HomeBig DataStreamline giant binary object migrations: A Kafka-based resolution for Oracle to Amazon...

Streamline giant binary object migrations: A Kafka-based resolution for Oracle to Amazon Aurora PostgreSQL and Amazon S3


Clients migrating from on-premises Oracle databases to AWS face a problem: effectively relocating giant object information varieties (LOBs) to object storage whereas sustaining information integrity and efficiency. This problem originates from the normal enterprise database design the place LOBs are saved alongside structured information, resulting in storage capability constraints, backup complexity, and efficiency bottlenecks throughout information retrieval and processing. LOBs, which might embrace pictures, movies, and different giant recordsdata, typically trigger conventional information migrations to endure from gradual speeds and LOB truncation points. These points are significantly problematic for long-running migrations that may span a number of years.

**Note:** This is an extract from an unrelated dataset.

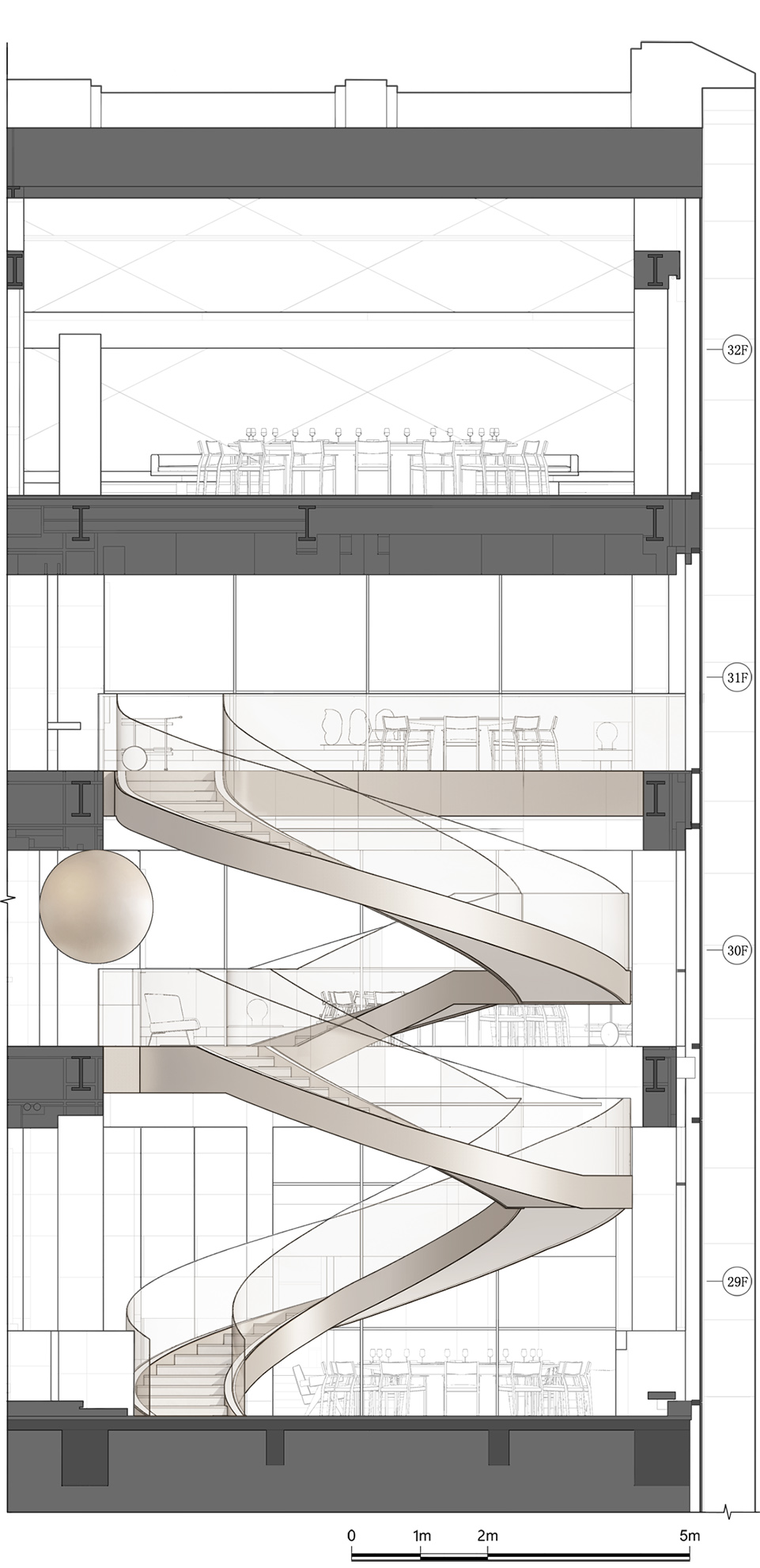 ▼联系29至31层的旋转楼梯
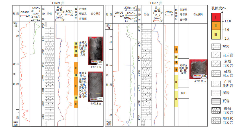 对研究区五十余口钻井的岩心和薄片进行观察,黄龙组广泛发育溶洞及裂缝,巨量岩溶洞穴和裂缝中主要充填岩溶角砾,此外,还可见化学沉淀充填物以及上覆梁山组的细粒沉积物(图 6a,6b)。其中淡水方解石和淡水白云石是古岩溶作用常见的标志矿物[24],表明黄龙组在石炭纪晚期经历了广泛而强烈的岩溶作用。

On this put up, we current a scalable resolution that makes use of Amazon Managed Streaming for Apache Kafka (Amazon MSK), Amazon Aurora PostgreSQL-Suitable Version, and Amazon MSK Join. The info streaming permits information replication the place modifications are despatched and acquired in a steady move, permitting the goal database to entry and apply the adjustments in actual time. This resolution generates occasions for database actions akin to insert, replace, and delete, triggering AWS Lambda capabilities to obtain LOBs from the supply Oracle database and add them to Amazon Easy Storage Service (Amazon S3) buckets. Concurrently, the streaming occasions migrate the structured information from the Oracle database to the goal database whereas sustaining correct linking with their respective LOBs.

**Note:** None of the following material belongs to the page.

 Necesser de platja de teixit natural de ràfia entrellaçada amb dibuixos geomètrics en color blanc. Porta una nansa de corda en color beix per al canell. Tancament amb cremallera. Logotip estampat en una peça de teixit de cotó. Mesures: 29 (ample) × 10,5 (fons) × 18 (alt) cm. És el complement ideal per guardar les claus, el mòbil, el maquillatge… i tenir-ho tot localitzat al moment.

The whole implementation is out there on GitHub, together with AWS Cloud Improvement Equipment (AWS CDK) deployment code, configuration recordsdata, and setup directions.

Resolution overview

Though conventional Oracle database migrations deal with structured information successfully, they wrestle with LOBs that may embrace pictures, movies, and paperwork. These migrations typically fail attributable to measurement limitations and truncation points, creating vital enterprise dangers, together with information loss, prolonged downtime, and undertaking delays that may drive you to delay your cloud transformation initiatives. The issue turns into extra acute throughout long-running migrations spanning a number of years, the place sustaining operational continuity is important. This resolution addresses the important thing challenges of LOB migration, enabling steady, long-term operations with out compromising efficiency or reliability.

By eradicating the dimensions limitations related to conventional migration applied sciences, our resolution gives a strong framework that helps you seamlessly relocate LOBs whereas facilitating information integrity all through the method.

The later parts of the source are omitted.